### Recorded information
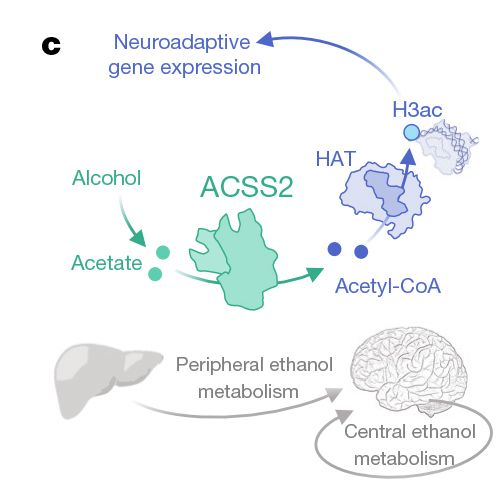 酒精和乙酸鹽在酶 ACSS2 的作用下,均能直接導致組蛋白的乙酰化,影響大腦基因的表達。
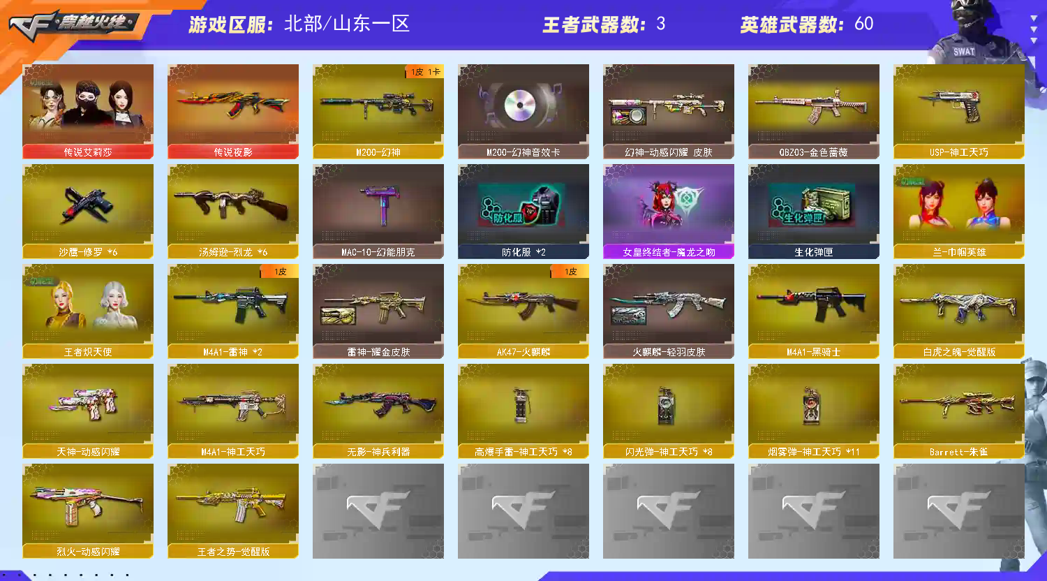 首页 > 租号大厅 > 穿越火线 > 网通区/山东一区 > 幻神+动感闪耀+音效卡+白虎魄神工套夜影+王者炽天使暗夜审判 +传说艾莉莎 兰-巾帼英雄
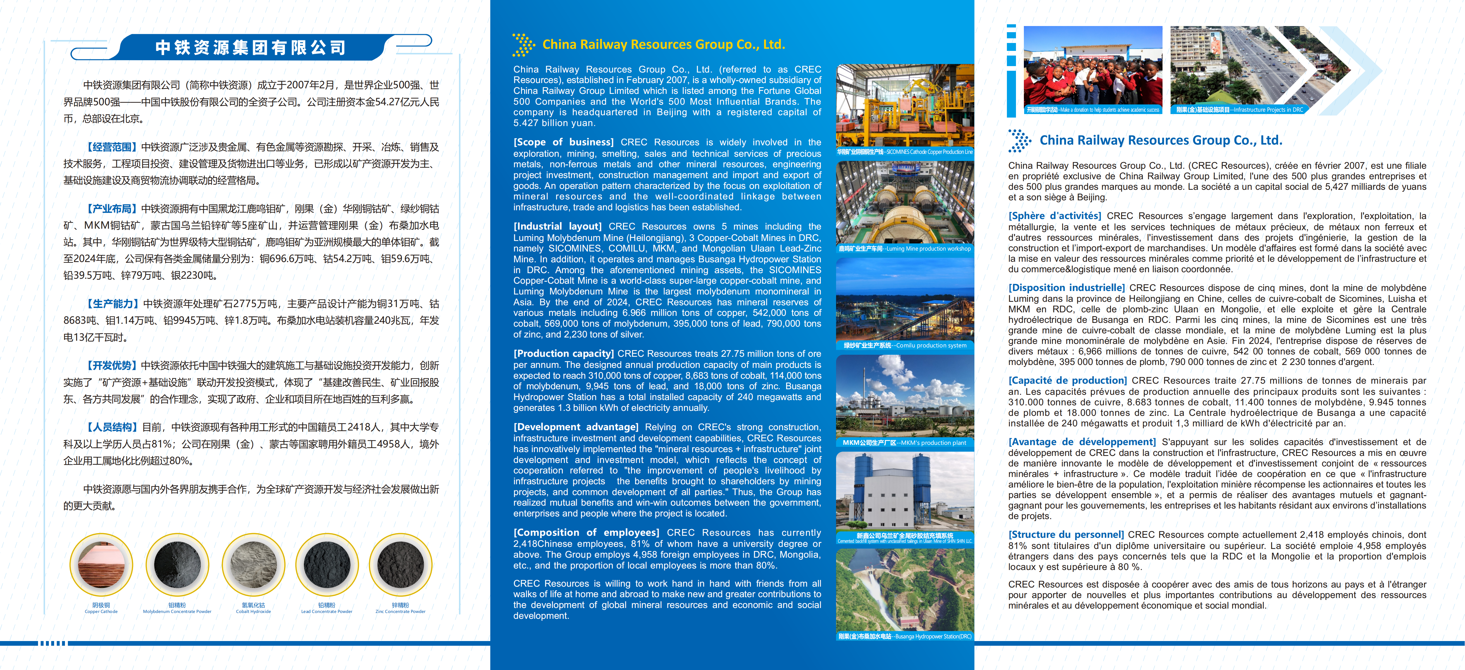 China Railway Resources Group Co., Ltd. (referred to as CREC Resources), established in February 2007, is a wholly-owned subsidiary of China Railway Group Limited (CREC), which is listed among the Fortune Global 500 Companies and the World's 500 Most Influential Brands. The company is headquartered in Beijing with a registered capital of 5.427 billion yuan.
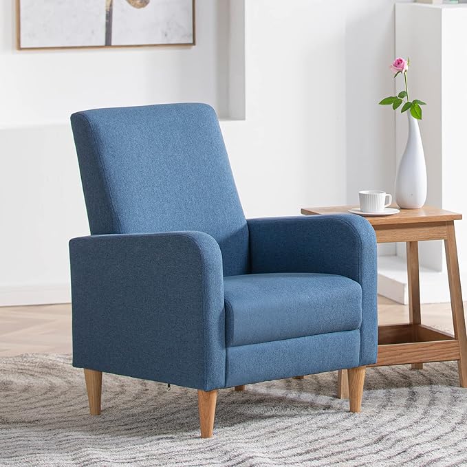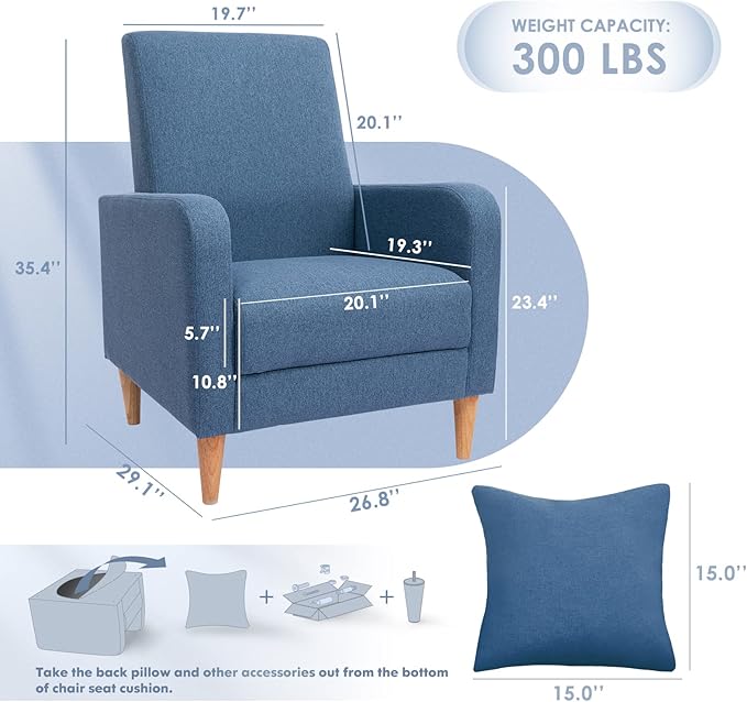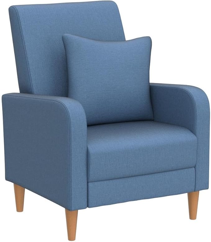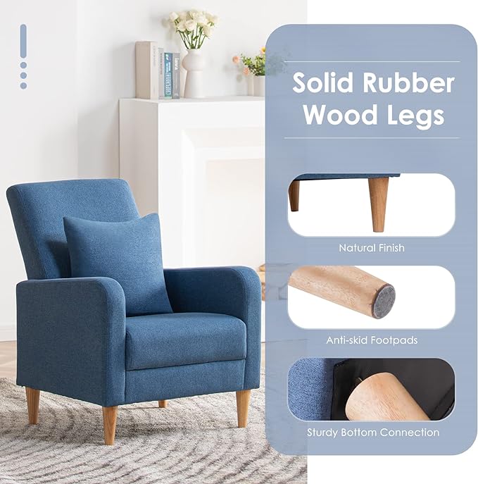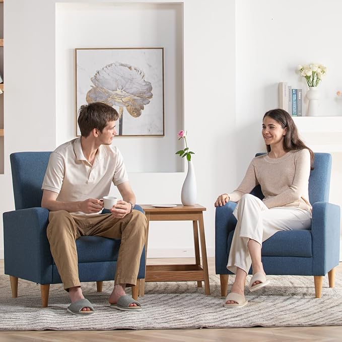 COLAMY Modern Accent Living Room Chairs Set of 2, Upholstered Fabric Armchair Reading Side Chair, Single Sofa with Back Pillow and Wood Legs, Blue

### Work item
Here the job is to output the lines from the top of the listing through the line holding "China Railway Resources", word for word and without pictures.

### Solution
 酒精和乙酸鹽在酶 ACSS2 的作用下,均能直接導致組蛋白的乙酰化,影響大腦基因的表達。
 首页 > 租号大厅 > 穿越火线 > 网通区/山东一区 > 幻神+动感闪耀+音效卡+白虎魄神工套夜影+王者炽天使暗夜审判 +传说艾莉莎 兰-巾帼英雄
 China Railway Resources Group Co., Ltd. (referred to as CREC Resources), established in February 2007, is a wholly-owned subsidiary of China Railway Group Limited (CREC), which is listed among the Fortune Global 500 Companies and the World's 500 Most Influential Brands. The company is headquartered in Beijing with a registered capital of 5.427 billion yuan.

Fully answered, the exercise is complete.